Lauterbach bald Weltgesundheitsminister?

Bewirbt sich hier jemand um den Chefposten bei der WHO? Zumindest hat Karl Lauterbach nicht nur Deutschland im Blick, wenn es um so genannte Ausbrüche geht:

Bundesgesundheitsminister Karl Lauterbach (SPD) hat sich besorgt über die Möglichkeit eines Cholera-Ausbruchs in den russisch besetzten Gebieten in der Ukraine gezeigt. „Ein Cholera-Ausbruch wäre sehr bedenklich, wäre katastrophal“, sagte der Minister am Freitag in Lwiw am Rande seines Ukraine-Besuchs der „Bild“. Er wolle keine Ferndiagnose geben, aber: „Die Hygienebedingungen in diesen Städten sind eine Katastrophe und selbst Cholera wäre denkbar.“

Das britische Verteidigungsministeriums hatte zuvor gewarnt, in Mariupol drohe ein Cholera-Ausbruch. Lauterbach kündigte einen massiven Ausbau der medizinischen Hilfe für ukrainische Kriegsopfer an. Bereits jetzt würden im nennenswerten Umfang Patienten aus der Ukraine nach Deutschland ausgeflogen und hier in Spezialkliniken behandelt.

Aber auf einen ausgeflogenen Patienten „kommen vielleicht 1.000, die schwer verletzt sind und die man nicht ausfliegen kann“, so Lauterbach. Deswegen müsse jetzt die Hilfe in die Ukraine kommen. Der Minister brachte 500 Prothesen für Erwachsene und 199 für Kinder mit.

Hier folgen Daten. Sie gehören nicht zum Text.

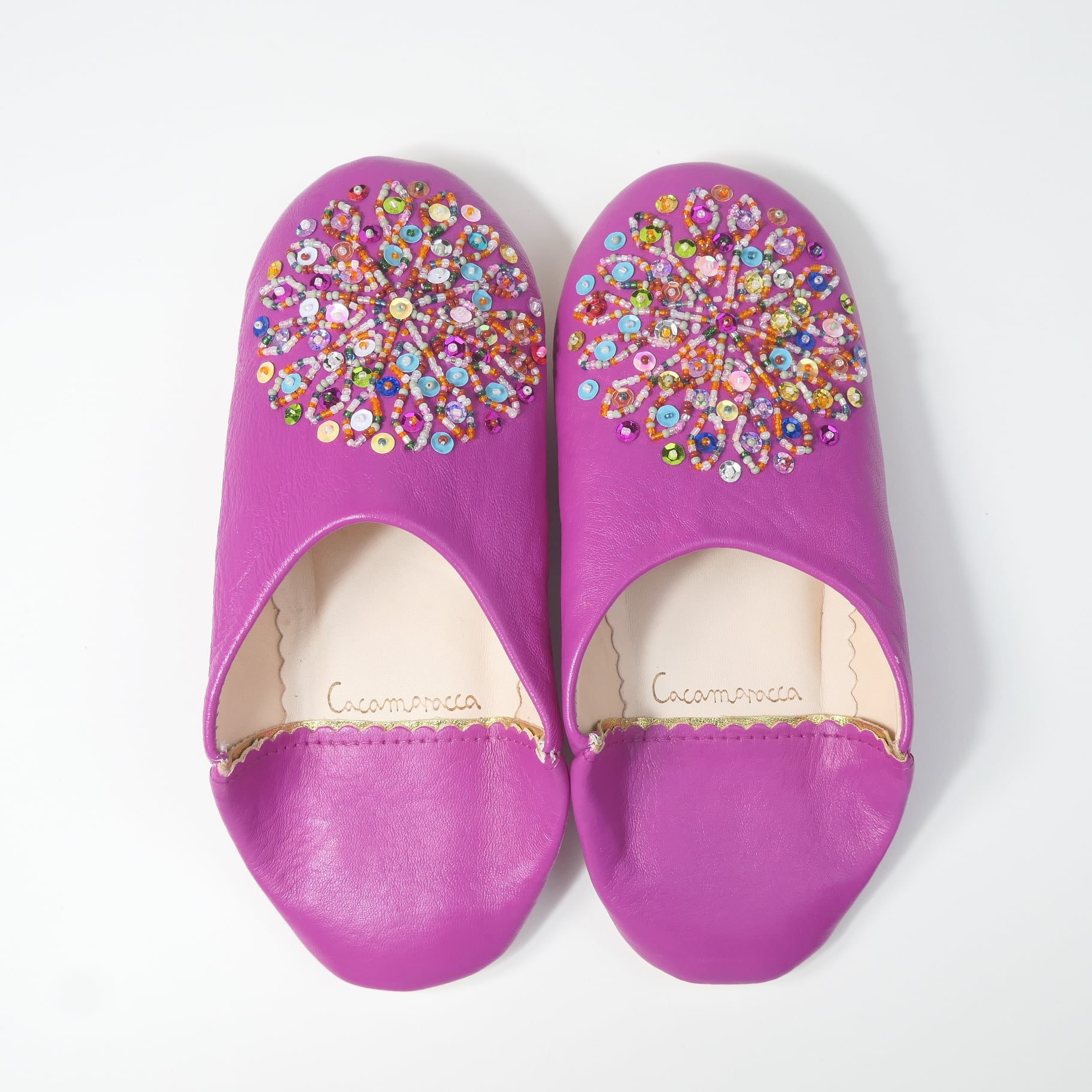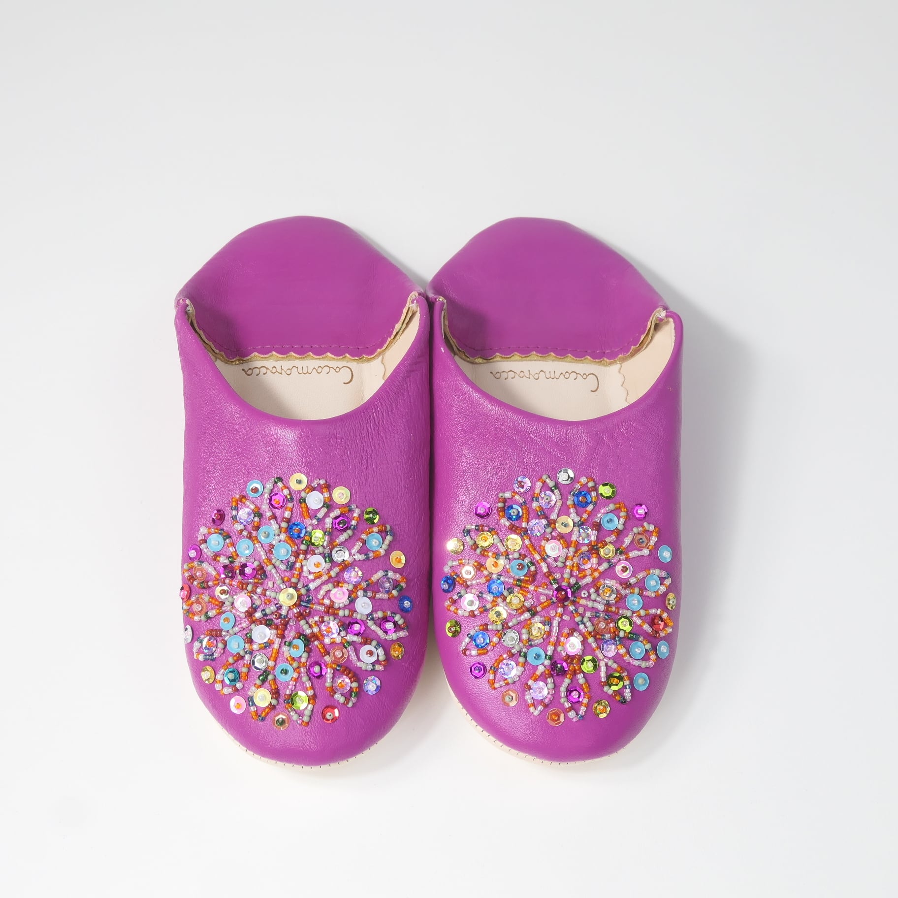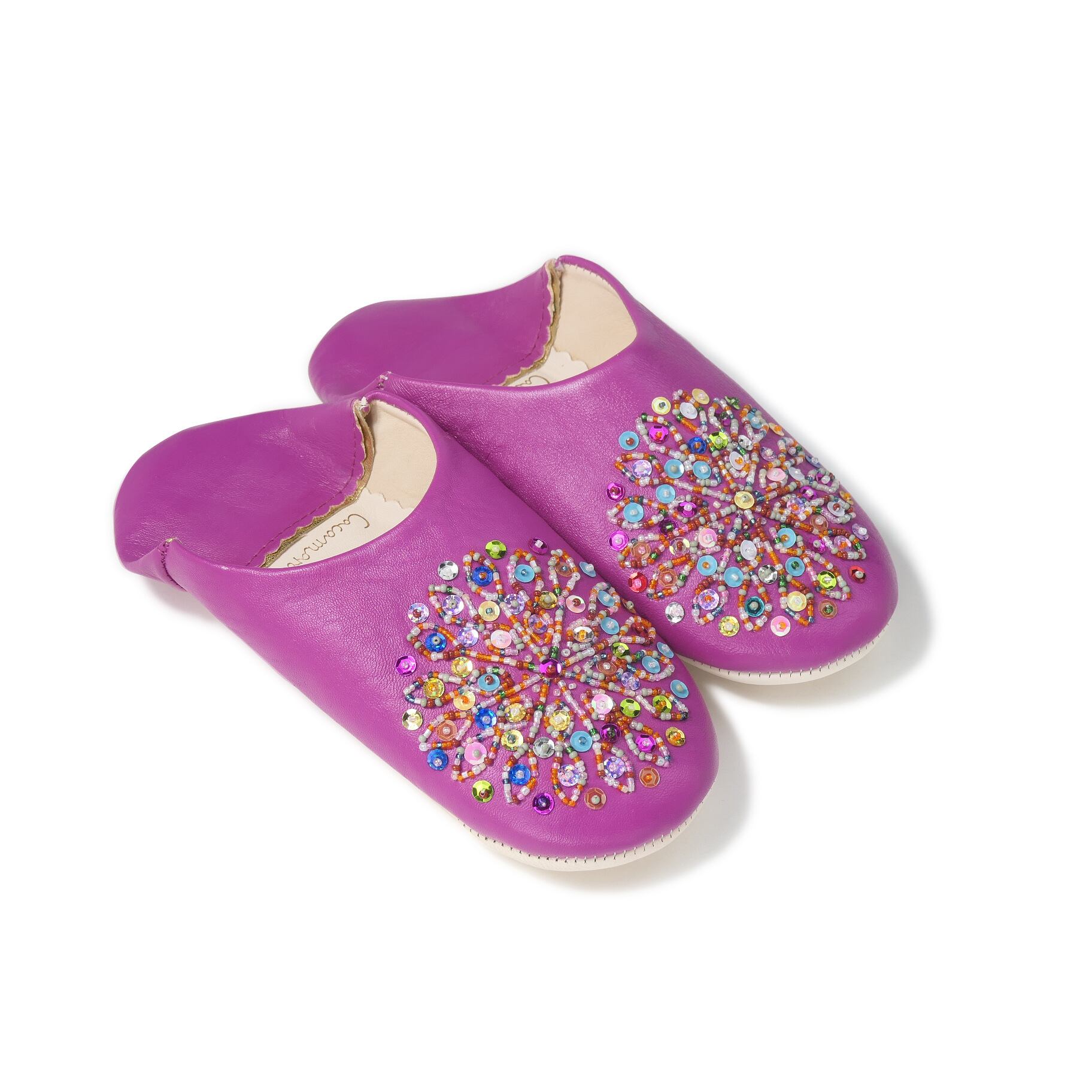 受注生産 マゼンタ(ミックス スパンコール)レザー バブーシュ スリッパ
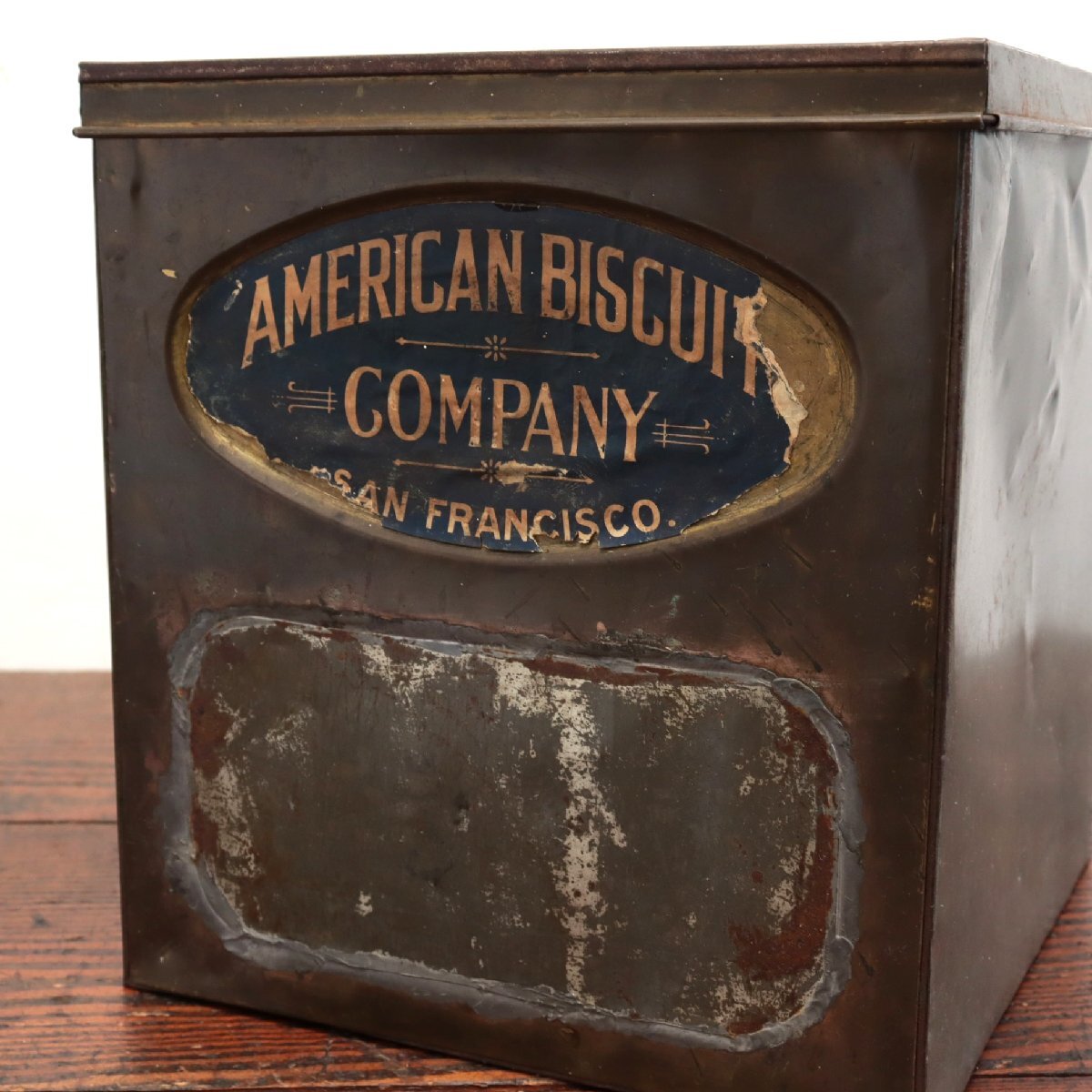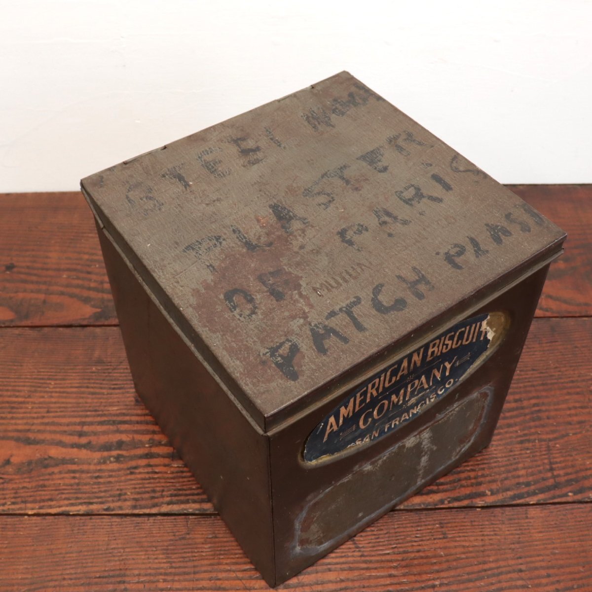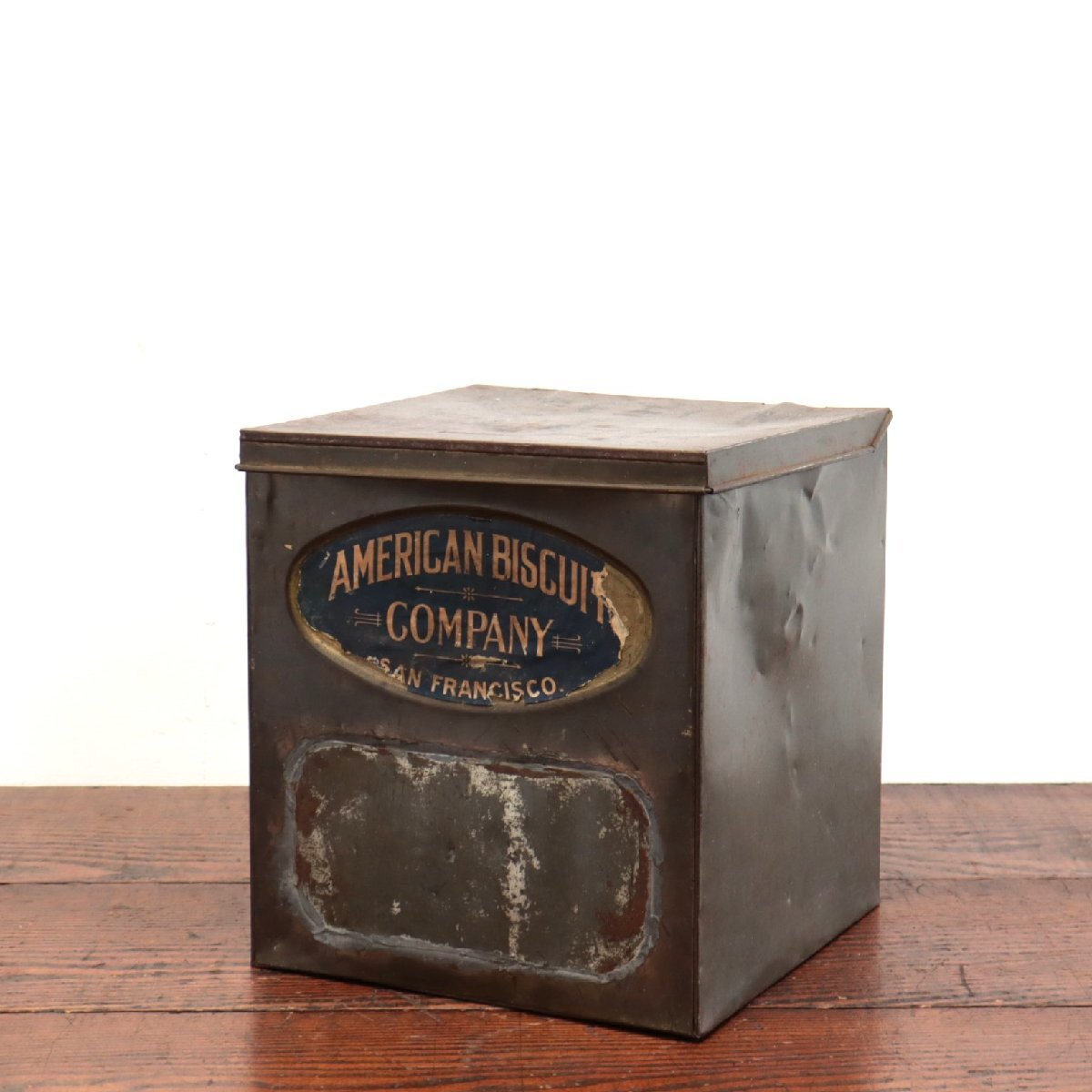 | 商品説明 explanation | 「American Biscuit Company」のメタルボックスです。 ロゴやペイントの雰囲気が良く、経年によってヴィンテージらしさ満載です。 小物入れやディスプレイ小物などにいかがでしょうか。 |

Künftig werde man die Techniker für Prothesen vor Ort ausbilden. Außerdem werde Deutschland bei der Behandlung von Quetsch- und Brandverletzungen helfen. „Wenn das ausgebaut ist, wird das Tausende Patienten betreffen“, versprach Lauterbach, der in Lwiw an einer Geberkonferenz für die Ukraine teilnahm.

Bereits jetzt schon habe Deutschlands überlastete Kliniken über das Kleeblattverfahren mehr als 200 Kranke und Verletzte aus der Ukraine aufgenommen. Von insgesamt 620 Hilfeleistungsersuchen auf europäischer Ebene habe Deutschland im Rahmen dieses Verfahrens bereits 220 Patienten zur Behandlung übernommen, sagte ein Sprecher des Bundesgesundheitsministeriums dem „Redaktionsnetzwerk Deutschland“ (Samstagausgaben). „Mehr als 50 weitere Patientenübernahmen werden bald (kriegsbedingt teilweise verzögert) abgeschlossen sein.“

Weiter hieß es: Von den 220 übernommenen Patienten „sind 52 ins Kleeblatt Süd gebracht worden, 50 ins Kleeblatt Nord, 44 ins Kleeblatt Ost, 39 ins Kleeblatt West und 35 ins Kleeblatt Südwest“. Die Patientenverlegungen auf EU-Ebene werden demnach über das EU-Katastrophenschutzverfahren organisiert. Die Übernahme von stationär behandlungsbedürftigen ukrainischen Patienten aus den Nachbarstaaten der Ukraine nach Deutschland koordiniere das Bundesamt für Bevölkerungsschutz und Katastrophenhilfe im Geschäftsbereich des Bundesinnenministeriums gemeinsam mit dem Bundesgesundheitsministerium, dem Robert-Koch-Institut und mit Unterstützung der Bundeswehr.

Der Bund hatte das Kleeblattkonzept nach Beginn der Corona-Pandemie im Frühjahr 2020 erarbeitet, zunächst zur bundesweiten Verlegung von intensivpflichtigen Corona-Erkrankten. Seit März 2022 nutzen Bund und Länder das System zur Verteilung von Menschen, die wegen des Krieges in der Ukraine medizinisch behandelt werden müssen.

Da geht bestimmt noch was, schließlich verlängert der Westen den Krieg in der Ukraine mit seinen Waffenlieferungen bis ins Unendliche. Und Karl Lauterbach wird mit Sicherheit das deutsche Gesundheitssystem weiterhin gerne überlasten. (Mit Material von dts)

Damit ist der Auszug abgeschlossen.